→ Study material

BEGIN

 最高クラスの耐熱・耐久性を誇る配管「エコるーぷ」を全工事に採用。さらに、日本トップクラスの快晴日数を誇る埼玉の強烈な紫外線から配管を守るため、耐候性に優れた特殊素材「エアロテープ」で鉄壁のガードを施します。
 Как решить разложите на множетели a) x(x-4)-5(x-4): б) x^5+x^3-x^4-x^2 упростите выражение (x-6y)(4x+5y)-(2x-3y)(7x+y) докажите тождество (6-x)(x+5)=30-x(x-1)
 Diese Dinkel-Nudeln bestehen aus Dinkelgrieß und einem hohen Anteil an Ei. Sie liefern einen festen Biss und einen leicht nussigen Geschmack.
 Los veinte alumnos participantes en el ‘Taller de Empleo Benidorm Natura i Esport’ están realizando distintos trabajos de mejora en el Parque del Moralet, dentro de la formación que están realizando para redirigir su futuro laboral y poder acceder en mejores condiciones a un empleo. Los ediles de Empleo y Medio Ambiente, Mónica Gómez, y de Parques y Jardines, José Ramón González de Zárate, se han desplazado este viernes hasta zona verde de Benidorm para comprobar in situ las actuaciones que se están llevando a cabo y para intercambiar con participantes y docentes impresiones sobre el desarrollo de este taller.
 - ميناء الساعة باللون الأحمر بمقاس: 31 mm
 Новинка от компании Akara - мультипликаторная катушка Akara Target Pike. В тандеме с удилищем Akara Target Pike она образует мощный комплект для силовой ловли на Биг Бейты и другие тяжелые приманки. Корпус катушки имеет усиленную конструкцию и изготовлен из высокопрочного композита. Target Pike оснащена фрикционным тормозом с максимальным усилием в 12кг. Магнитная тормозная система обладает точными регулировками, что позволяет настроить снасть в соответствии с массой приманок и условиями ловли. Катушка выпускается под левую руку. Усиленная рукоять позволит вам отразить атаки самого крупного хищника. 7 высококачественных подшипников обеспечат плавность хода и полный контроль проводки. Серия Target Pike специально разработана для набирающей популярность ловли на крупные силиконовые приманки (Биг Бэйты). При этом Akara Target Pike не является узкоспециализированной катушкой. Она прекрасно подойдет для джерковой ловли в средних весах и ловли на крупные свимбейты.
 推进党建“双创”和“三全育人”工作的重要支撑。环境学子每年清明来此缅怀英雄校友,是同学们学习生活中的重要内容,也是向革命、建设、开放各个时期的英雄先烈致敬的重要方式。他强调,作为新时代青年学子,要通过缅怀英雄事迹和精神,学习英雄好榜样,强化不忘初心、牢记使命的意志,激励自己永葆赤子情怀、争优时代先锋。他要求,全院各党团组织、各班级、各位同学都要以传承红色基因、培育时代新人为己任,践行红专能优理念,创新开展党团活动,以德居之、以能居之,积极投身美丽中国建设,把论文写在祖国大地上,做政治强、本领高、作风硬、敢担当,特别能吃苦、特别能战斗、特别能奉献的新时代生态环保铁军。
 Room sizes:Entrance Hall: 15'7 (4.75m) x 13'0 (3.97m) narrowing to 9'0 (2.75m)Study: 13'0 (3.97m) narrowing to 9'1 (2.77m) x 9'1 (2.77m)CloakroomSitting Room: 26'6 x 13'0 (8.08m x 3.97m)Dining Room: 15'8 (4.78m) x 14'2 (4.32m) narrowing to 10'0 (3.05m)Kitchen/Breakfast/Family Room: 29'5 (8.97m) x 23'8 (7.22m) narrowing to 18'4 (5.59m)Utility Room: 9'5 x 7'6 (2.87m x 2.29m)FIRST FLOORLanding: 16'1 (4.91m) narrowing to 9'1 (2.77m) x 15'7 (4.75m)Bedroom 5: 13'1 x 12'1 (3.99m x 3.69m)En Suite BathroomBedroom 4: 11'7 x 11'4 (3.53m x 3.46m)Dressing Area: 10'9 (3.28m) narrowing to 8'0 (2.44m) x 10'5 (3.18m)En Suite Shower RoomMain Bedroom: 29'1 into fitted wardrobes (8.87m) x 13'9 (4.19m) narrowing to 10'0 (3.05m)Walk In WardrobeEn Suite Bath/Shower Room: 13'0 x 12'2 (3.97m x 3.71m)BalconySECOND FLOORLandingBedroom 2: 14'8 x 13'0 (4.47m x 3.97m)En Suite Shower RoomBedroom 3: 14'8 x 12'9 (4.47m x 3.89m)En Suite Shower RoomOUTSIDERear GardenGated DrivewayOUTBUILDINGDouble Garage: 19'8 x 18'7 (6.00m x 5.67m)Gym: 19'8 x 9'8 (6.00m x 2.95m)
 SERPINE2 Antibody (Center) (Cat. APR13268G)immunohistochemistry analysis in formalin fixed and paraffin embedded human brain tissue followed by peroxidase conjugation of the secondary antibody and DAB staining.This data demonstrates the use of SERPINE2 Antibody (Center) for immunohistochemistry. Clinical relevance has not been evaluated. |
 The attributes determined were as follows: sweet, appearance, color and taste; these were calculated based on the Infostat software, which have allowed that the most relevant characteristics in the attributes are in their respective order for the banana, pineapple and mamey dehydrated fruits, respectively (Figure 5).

END
BEGIN

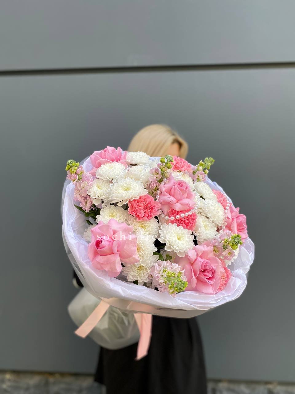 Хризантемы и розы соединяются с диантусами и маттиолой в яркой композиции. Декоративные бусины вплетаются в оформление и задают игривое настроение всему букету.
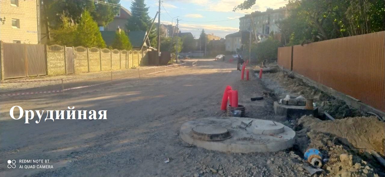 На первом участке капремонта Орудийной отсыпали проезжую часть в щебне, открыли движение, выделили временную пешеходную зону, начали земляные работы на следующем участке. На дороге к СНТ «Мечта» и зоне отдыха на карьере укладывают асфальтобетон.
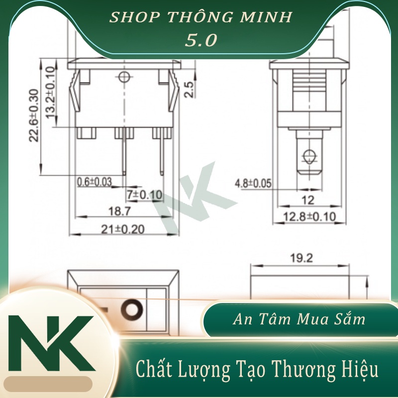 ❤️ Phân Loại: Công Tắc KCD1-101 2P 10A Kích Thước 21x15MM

END

→ Task requirements
Your answer should be the exact lines above from the one with "最高クラスの耐熱・耐久性を誇" through the one with "- ميناء الساعة باللون الأحمر بمقاس: 31 mm", both included, and nothing besides.

→ Written response
 最高クラスの耐熱・耐久性を誇る配管「エコるーぷ」を全工事に採用。さらに、日本トップクラスの快晴日数を誇る埼玉の強烈な紫外線から配管を守るため、耐候性に優れた特殊素材「エアロテープ」で鉄壁のガードを施します。
 Как решить разложите на множетели a) x(x-4)-5(x-4): б) x^5+x^3-x^4-x^2 упростите выражение (x-6y)(4x+5y)-(2x-3y)(7x+y) докажите тождество (6-x)(x+5)=30-x(x-1)
 Diese Dinkel-Nudeln bestehen aus Dinkelgrieß und einem hohen Anteil an Ei. Sie liefern einen festen Biss und einen leicht nussigen Geschmack.
 Los veinte alumnos participantes en el ‘Taller de Empleo Benidorm Natura i Esport’ están realizando distintos trabajos de mejora en el Parque del Moralet, dentro de la formación que están realizando para redirigir su futuro laboral y poder acceder en mejores condiciones a un empleo. Los ediles de Empleo y Medio Ambiente, Mónica Gómez, y de Parques y Jardines, José Ramón González de Zárate, se han desplazado este viernes hasta zona verde de Benidorm para comprobar in situ las actuaciones que se están llevando a cabo y para intercambiar con participantes y docentes impresiones sobre el desarrollo de este taller.
 - ميناء الساعة باللون الأحمر بمقاس: 31 mm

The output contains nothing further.